Pero hablar… creo que significaría… encerrarme en todo ello. Apartarme de lo… actual…

— Comprendo — dijo en voz baja. La mancha blanca de su rostro desapareció cuando bajó la cabeza —. Quieres decir que yo no lo considero im…

— No, no — traté de interrumpirla.

— Espera, ahora estoy hablando yo. Una cosa es lo que yo opine de la astronáutica y también el hecho de que nunca abandonaré la Tierra. Pero esto no tiene nada que ver contigo y conmigo. O puede que sí, ya que estamos juntos. De otro modo, no lo estaríamos. Para mí la astronáutica es… tú. Por eso me gustaría tanto…, pero es mejor que no hables, si te sientes como dices.

— Hablaré.

— Pero no hoy.

— Hoy.

— Acuéstate, por favor.

Caí sobre la almohada. Ella se levantó y caminó de puntillas, blanca en la oscuridad.

Corrió el visillo. Las estrellas desaparecieron; sólo quedó el prolongado ruido del Pacífico, volviendo siempre con ciega testarudez. Yo ya no veía casi nada. Un soplo de aire reveló sus pasos, la cama cedió.

— ¿Has visto alguna vez una nave espacial de la clase del Prometeo?

— No.

— Es muy grande. En la Tierra alcanzaría un peso de más de trescientas mil toneladas.

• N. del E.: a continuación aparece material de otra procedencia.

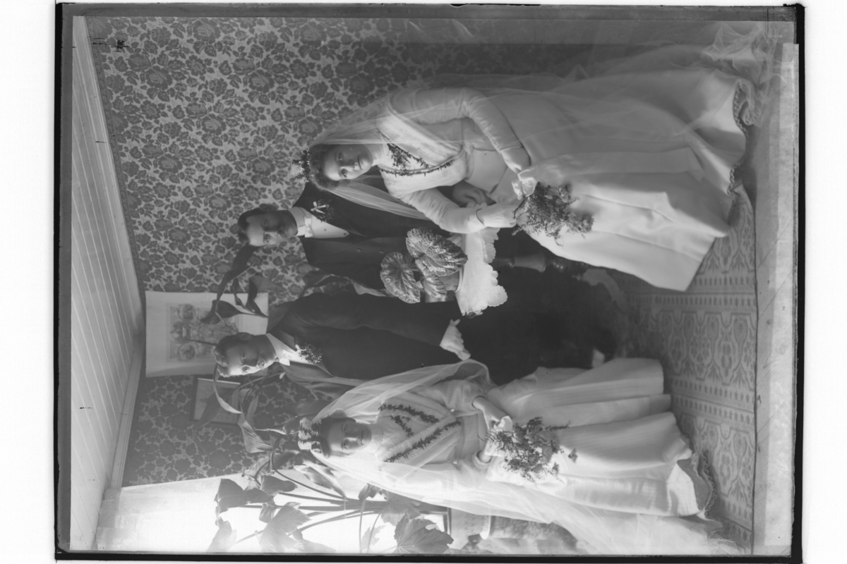 Dubbelbröllop, två brudpar. Brudarna helt i vitt med kronor. Brudgummarna i frack.

— ¿Y vosotros erais tan pocos?

— Doce. Tom Arder, Olaf, Arne, Thomas: los pilotos. Ah, y yo también. Y siete científicos.

Pero si te refieres a que había mucho espacio libre, te equivocas. El combustible ocupaba las nueve décimas partes de la masa. El conjunto de aparatos fotográficos, los almacenes, las provisiones, las piezas de reserva… la parte de vivienda no es grande. Cada uno de nosotros tenía su camarote, aparte de la cámara común. En el centro del casco había los pequeños cohetes de aterrizaje y las sondas, todavía menores, para tomar las pruebas Korona…

— ¿Sobrevolaste Arturo en una de ellas?

— Sí. Con Arder.

— ¿Por qué no volasteis juntos?

— ¿En un cohete? Porque esto reduce las posibilidades.

— ¿Por qué?

— La sonda es la refrigeración, ¿sabes? Es como… una nevera volante. Con el sitio justo para poder sentarse. Se va metido en una coraza de hielo. Este hielo se derrite por fuerza y vuelve a helarse en los tubos. Los compresores pueden estropearse. Basta un segundo, un atascamiento, porque fuera hay ocho, diez o incluso doce mil grados. Por lo tanto, si el cohete fuese doble, tendrían que morir dos. De este modo, sólo muere uno. ¿Comprendes?

— Sí, comprendo. — Mantenía la mano sobre el lugar insensible de mi pecho —. ¿Fue allí donde… ocurrió esto?

— No. Eri, ¿y si primero te cuento otras cosas?

— Bueno.

— No creas que… Esto no lo sabe nadie.

— ¿Esto?

La cicatriz cambiaba bajo el calor de sus dedos… como si recobrara la vida.

— Sí.

— ¿Cómo es posible? ¿Y Olaf?

— Olaf tampoco. Les mentí, Eri. Ahora tengo que contártelo, ya he dicho demasiado. Eri…, esto ocurrió el sexto año. Ya regresábamos, pero dentro de una nube de polvo cósmico no se puede ir tan de prisa. Es una imagen espléndida: cuanto más veloz avanza la nube, tanto más violenta es la luminiscencia de la nube; detrás de nosotros iba una cola, no como una cola de cometa sino más bien como la luz polar, que tremola a ambos lados y en las profundidades del cielo, miles y miles de kilómetros hacia Alfa Eridani… Arder y Ennesson ya no estaban.